It remains unclear whether Grant and Woods left (as Taaffe and his supporters say) or were expelled (as we were told when I was in the IMT). I agree with Dennis Tourish in his own account of the split in his book On the Edge: Political Cults Right and Left with Tim Wohlforth, when he says that it is ultimately irrelevant. The fact is, Taaffe created such a hostile environment in the organisation – rigging votes, interfering with branches, subjecting members of the Minority (as the opposition were called) to harassment – that there is no way they could have stayed even if they had wanted to. But even if they had had the option to stay, there was no question of Ted Grant submitting to the will of the majority. After all, Grant believed he was right about everything, and if his own sect had voted against him, it was because Militant had degenerated and the purity of Trotskyist doctrine had been compromised. This alone would have been reason for him to leave the organisation in protest. Convinced that the influx of young members into the organisation had caused its political level to drop, neither Grant nor Woods were willing to accept the decision of what they regarded as an immature and politically untutored majority, manipulated from on high by Peter Taaffe. Whether they made preparations to leave whilst still in the organisation or not is unclear. The fact is, Trotskyist sects are obsessed with ideological homogeneity and purity of doctrine, and if splits are necessary to achieve this, then so be it. It is deeply ironic that whilst the doctrine of democratic centralism in Trotskyist sects demands full submission by the minority to the decisions of the majority, and no public criticism of the agreed line, there are plenty of examples of Trotskyist leaders choosing to split or walk out rather than obey their own organisation’s discipline. Militant’s split of 1991-92 is one such example. Rather than obey party discipline and suppress their differences, Ted Grant and Alan Woods chose to set up their own organisation, convinced that they were right and the majority wrong.

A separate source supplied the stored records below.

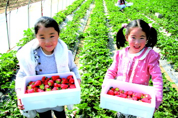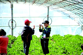 | 草莓棚中一片热闹场景。 |  | 两位小记者展示她们的劳动成果。
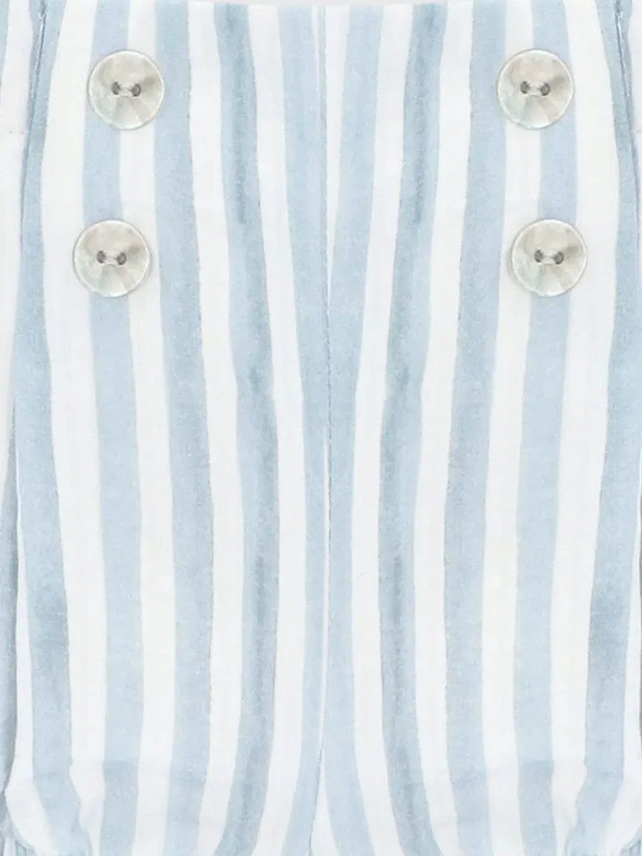 Les rayures aquarellées apportent légèreté et fraîcheur à l’ensemble, et le design raffiné s’intègre facilement avec d’autres pièces du vestiaire bébé, comme les blouses ou cardigans aux tons neutres.
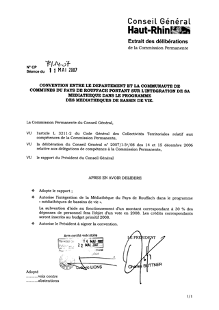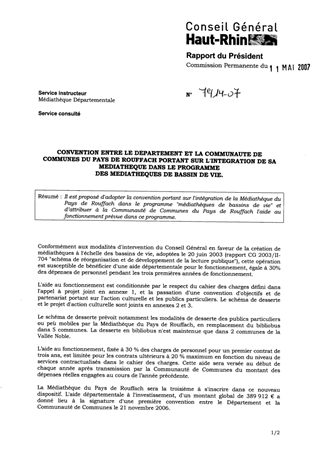 Convention entre le Département et la Communauté de Communes du pays de Rouffach portant sur l'intégration de sa médiathèque dans le programme des médiathèques de bassin de vie
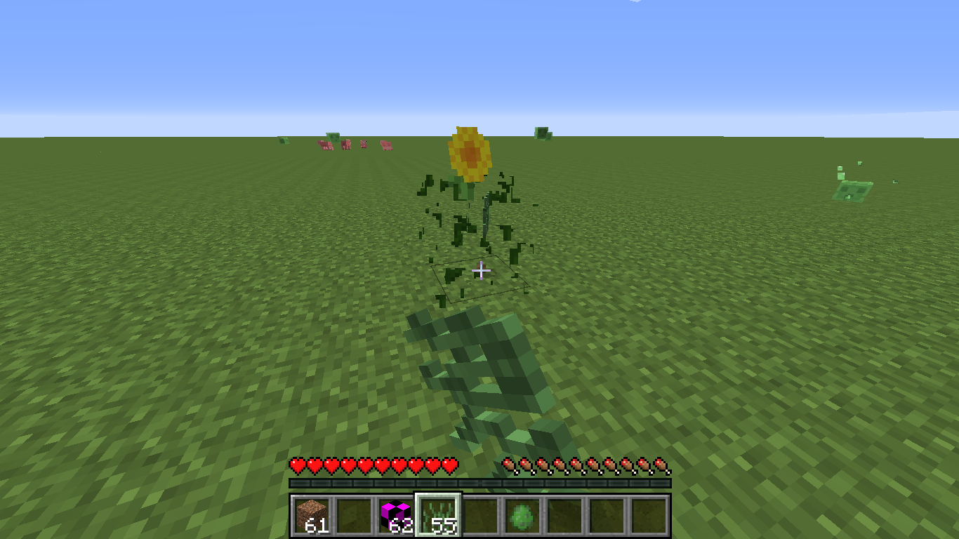 When I use sheers on double tallgrass it instead gives me two ferns. When bottom half of large fern and double tallgrass is broken you can see the top half of a sunflower for a brief second. When bottom half of double tallgrass is broken it drops itself. Seeds drop from it as the "Missing Texture" block.
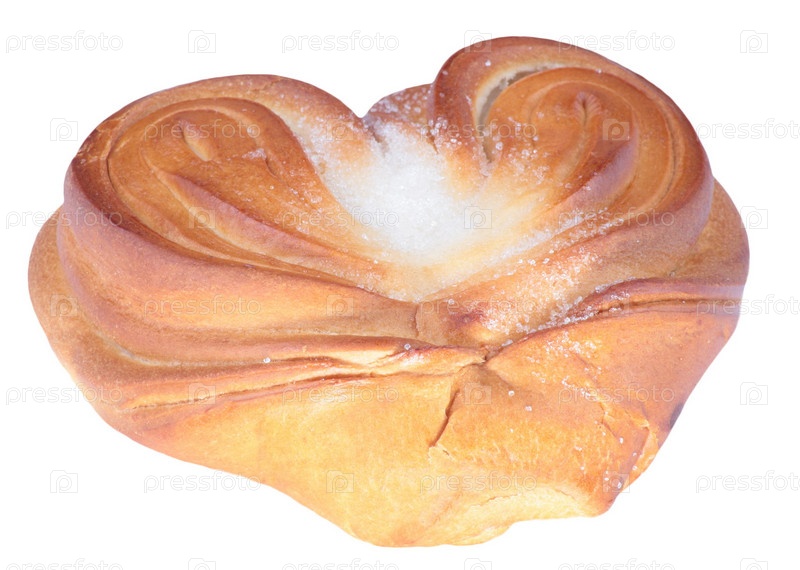 Булочка в форме сердца на белом фоне
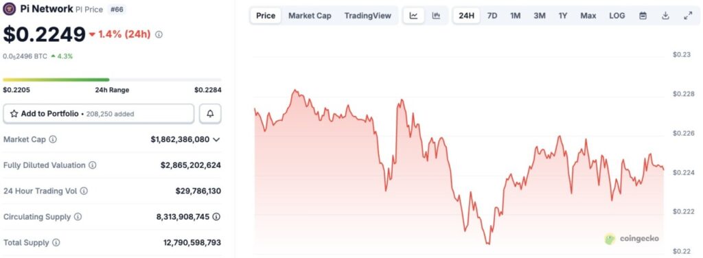 Kapitalisasi pasar Pi Network tercatat sebesar $1,86 miliar, dengan valuasi penuh terdilusi mencapai $2,86 miliar, mencerminkan potensi pertumbuhan nilai apabila seluruh suplai beredar. Aktivitas perdagangan harian relatif aktif, dengan volume transaksi 24 jam sebesar $29,78 juta, menandakan adanya pergerakan yang cukup dinamis meski dalam tren menurun.
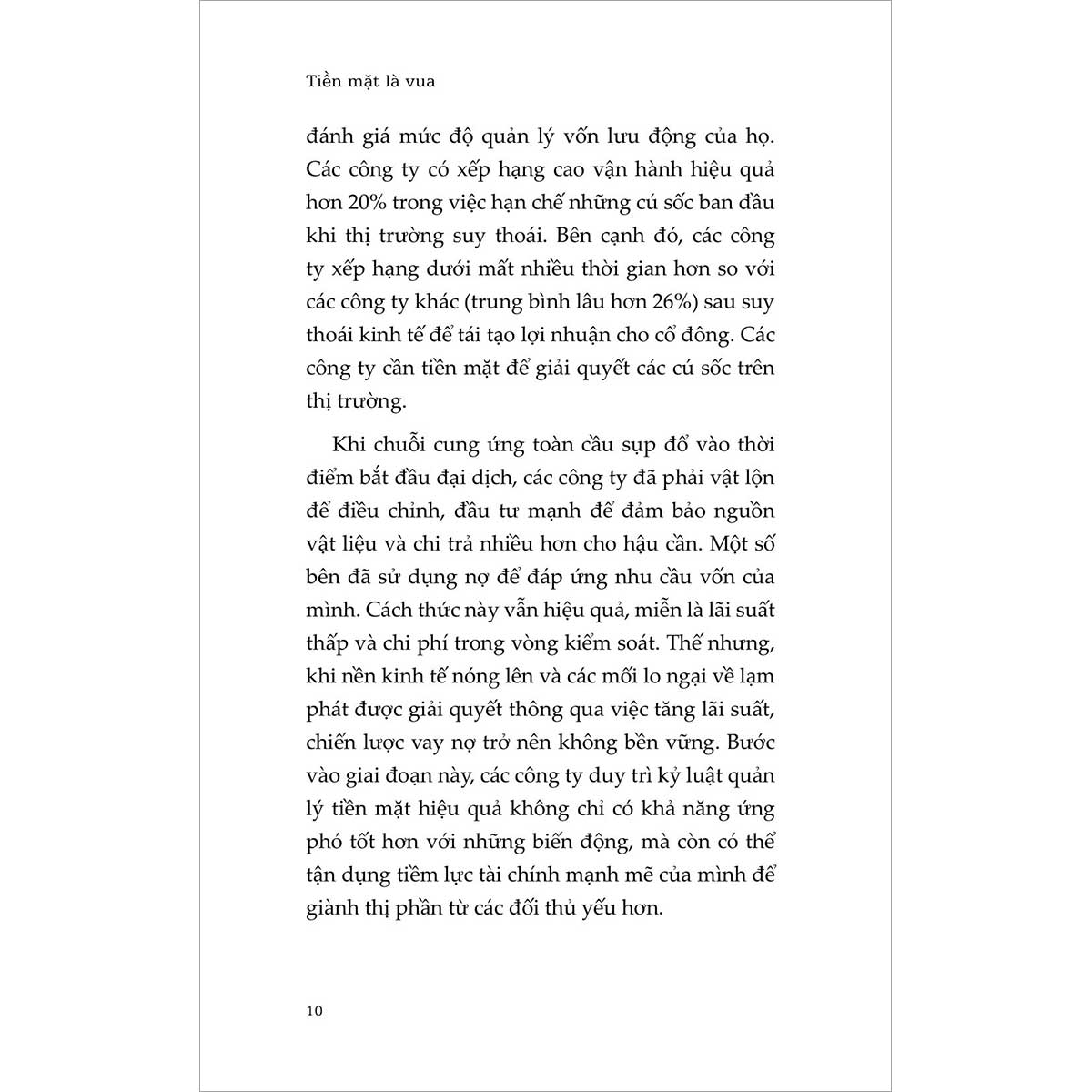 Điểm nổi bật của cuốn sách là cách tiếp cận thực tế, dễ hiểu thông qua các tình huống kinh doanh điển hình, giúp người đọc thấy rõ vì sao nhiều công ty dù tăng trưởng mạnh vẫn gặp khó khăn chỉ vì quản lý dòng tiền chưa hiệu quả. Nghiên cứu trên hàng nghìn doanh nghiệp toàn cầu cũng cho thấy những công ty quản lý tiền mặt tốt có khả năng chống chịu khủng hoảng cao hơn đáng kể.
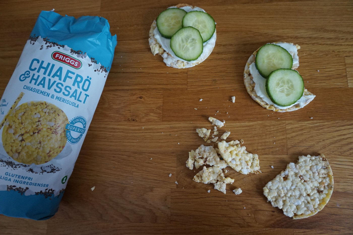 Smaken på dessa riskakor skiljer sig inte nämnvärt från vanliga riskakor, men så innehåller de bara en lite del chiafrö också, närmare bestämt fem procent. Det som jag däremot verkligen gillar med den nya sorten är att den är mycket tunnare. Vanliga riskakor är lite för tjocka, tycker jag, och man behöver kompensera med så mycket pålägg (om man inte äter dem naturella) för att kakan inte ska ”ta över”.
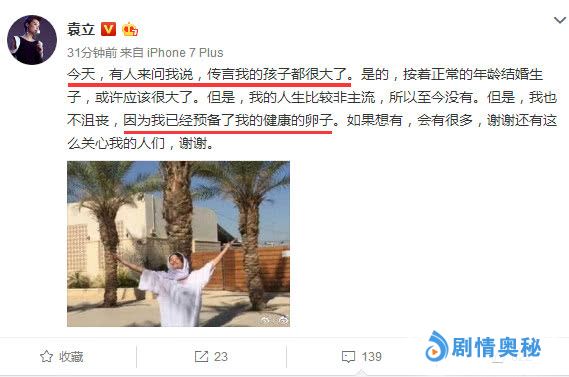 - 袁立发声辟谣生子传闻:至今没生孩子,已经预备健康卵子
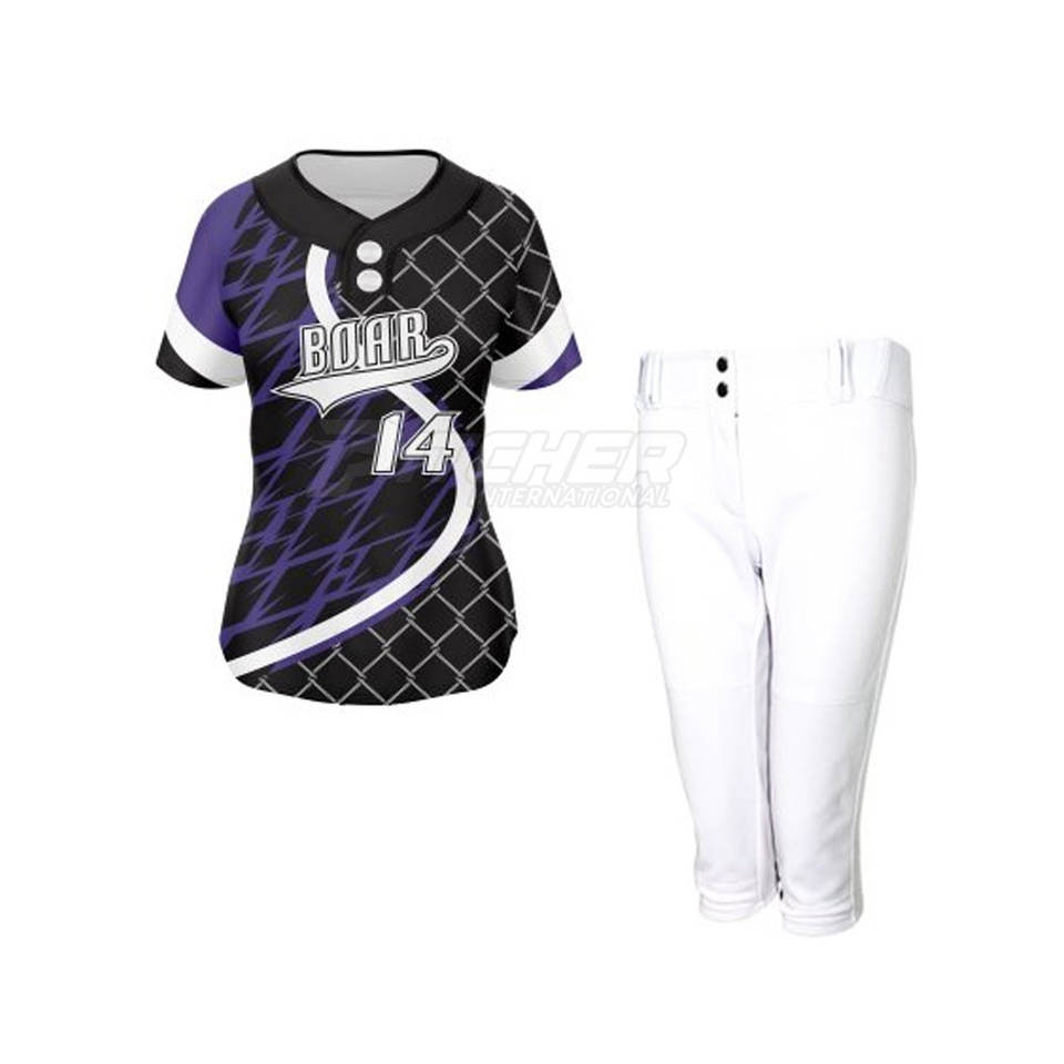 Nouvelle arrivée nom personnalisé imprimé respirant 100% polyester tissu Softball uniformes ensembles meilleur prix
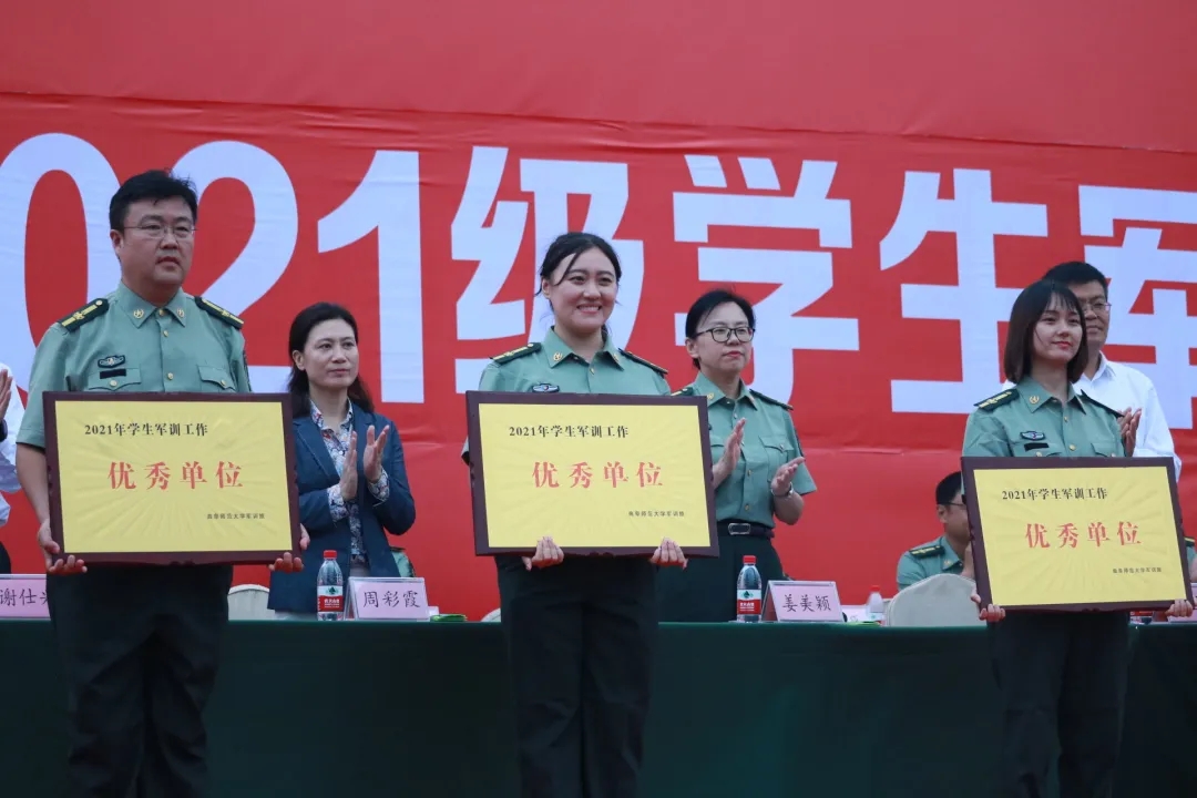 2021级新生军训汇演暨总结表彰大会在西操场隆重举行。地理学子获大满贯。

Entrism is central to the political strategy laid out by Ted Grant in the 1950s, when he was a rising figure in the Trotskyist movement. In short, Grant’s belief was that it was important for the scattered forces of Trotskyism to carry out ‘patient work’ in the ‘mass organisations’, instead of trying to build a revolutionary party outside the established left-wing political parties. The idea was that when the working-class radicalised, they would flood the established party of social democracy in Britain, the Labour Party, and find Trotskyists planted within its ranks, ready to win over these militant proletarians for Marxism and revolutionary socialism. Then the Trotskyists would be in a position to either take over the Labour Party outright, or split and create a new, pure party of genuine socialism. Grant explained the strategy in his boring document, Problems of Entrism, written in 1959. Following Trotsky, Grant argued that ‘events’ would transform consciousness and bring about the revolution of which he and other Marxists dreamed. Decade after decade, Grant and his followers predicted fresh crises for the ruling class, the radicalisation of the masses and the seizure of power by the vanguard. It didn’t happen. Contrary to Grant’s moronic catastrophism, the post-war boom was followed not by a glorious revolution, but Thatcherite counter-revolution and the crushing of the working-class. Nor did Grant anticipate the collapse of the USSR and the restoration of capitalism – in Militant, it was claimed that the restoration of capitalism had been ‘ruled out’. (So much for what we were told in the organisation about Marxism being the triumph of foresight over astonishment.) Taaffe explains Grant’s cluelessness on this issue in his own account of Militant’s history:

Woods and Grant clung to their outmoded position until the late 1990s. In Ted Grant’s book, Russia: from Revolution to Counter-Revolution, Alan Woods, in his introduction, writes: “It is worth recalling that twenty-five years ago Ted Grant had correctly analysed the reasons for the crisis of Stalinism, and predicted its collapse. Moreover, he was the only one to do so.”

This is a breathtaking re-writing of history as all Militant supporters, including the leadership, which included ourselves, had this position, based upon our readings of the works of Trotsky. Moreover, Ted Grant was not the only one to analyse the reasons why we expected the collapse of Stalinism to take place. But then Woods writes: “The only correction that has to be introduced concerns the perspective for a return to capitalism in Russia. For a long time, the author considered that such a development was ruled out. That has been shown to be incorrect.”

We in common with Ted Grant also expected that Russia would not return to capitalism, for the reasons that we have explained more fully elsewhere (see The Rise of Militant pp321-414). But when faced with the reality of what was taking place in Poland and elsewhere in the Stalinist world we did alter our perspective, anticipating a return back to capitalism beginning in Poland and, following the collapse of the Berlin Wall, in Eastern Europe and in Russia itself.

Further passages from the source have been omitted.